Великан продолжал уничтожать жаворонков с таким же непоколебимым спокойствием; спутник же его казался пораженным звуками латинского языка. Он внезапно поднял голову и сказал с улыбкой удовольствия:
– Bene, mi fili, lepedissime; poetae verba in militis ore non indecora sonant.[13]
Молодой нормандец вытаращил глаза на говорившего и ответил иронично:
– Одобрение такого великого духовного лица, которым я тебя считаю, судя по твоей скромности, неминуемо должно возбудить зависть моих английских друзей, которые по своей учености говорят вместо «in verba magistri» – «in vina magistri»[14].
– Ты, должно быть, большой шутник, – сказал снова покрасневший Годри, – я нахожу, что вообще латынь идет только монахам, да и те не слишком-то сильны в ней.
– Латынь-то? – возразил де-Гравиль с презрительной усмешкой. – О, Годри, bien aime! Латынь – язык Цезарей и сенаторов, гордых мужей и мужественных завоевателей. Разве ты не знаешь, что герцог Вильгельм Безбоязненный уже на девятом году знал наизусть комментарии Юлия Цезаря?... И поэтому вот тебе мой совет: ходи чаще в школу, говори почтительнее о монахах, из числа которых выходят самые лучшие полководцы и советники, и помни, что «ученье свет, а неученье – тьма!»
– Твое имя, молодой рыцарь, – спросил духовный по-французски, хотя и с легким иностранным акцентом.
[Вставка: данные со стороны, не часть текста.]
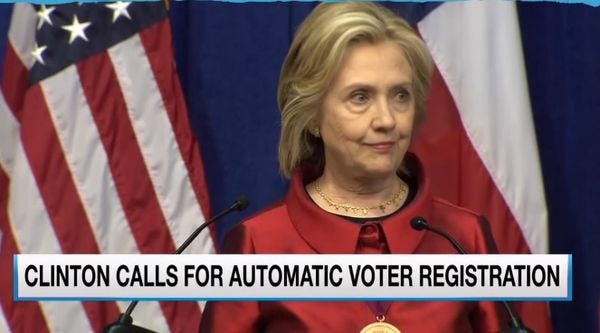 Hillary Clinton pleasantly surprised the hell out of us Thursday by calling for every American to be automatically registered to vote at 18, following the lead of Oregon, which passed universal registration earlier this year.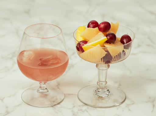 桃のカクテルと、専用のペアグラスセット。桃のカクテル片手にちびちびと楽しみながら、ゆったりと時間を楽しめるよう、あえて小ぶりなワイングラスをご用意しました。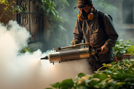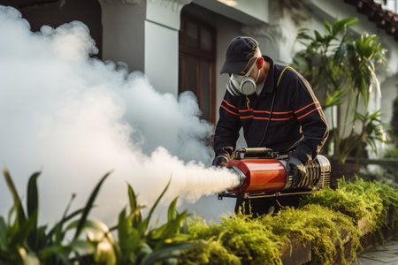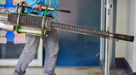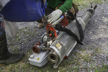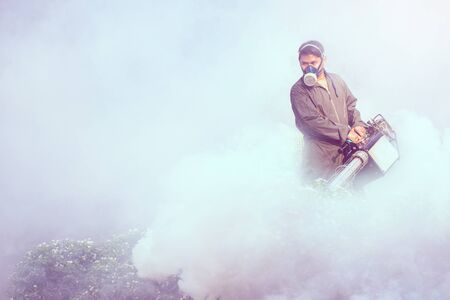 Man work fogging to eliminate mosquito for preventing spread dengue fever and zika virus

– Имя его я могу сообщить тебе, – сказал великан на том же языке грубым голосом. – Я могу сообщить его имя, род и характер. Зовут этого юношу Вильгельмом Малье, а иногда и де-Гравилем, так как наше нормандское дворянство нынче уже не может существовать без этого «де». Но это вовсе не доказывает, что он имел какое-либо право на баронство де-Гравиль, принадлежащее главе его дома, исключая разве старую башню, находящуюся в каком-то углу названого баронства и прилежащую к ней землю, достаточную только на прокорм одной лошади и двух крепостных. Очень может быть, что земли уже давно заложены, чтобы купить бархатную мантию и золотую цепь. Родители его: норвежец Малье, принадлежавший к викингам Хрольва, этого морского короля, и француженка, от которой он наследовал все, что имеет драгоценного, а именно: плутовской ум и острый язык, любящий чернить все встречное и поперечное. Он обладает еще и замечательными преимуществами: очень воздержан, так как ест только за счет других; знает латынь, потому что был, благодаря своей тощей фигурке, предназначен к монашеству; обладает некоторым мужеством, если судить по тому, что он собственной рукой убил трех бургундцев, вследствие чего герцог Вильгельм и сделал из него вместо монаха sans tache – рыцаря sans terre... Что же касается остального...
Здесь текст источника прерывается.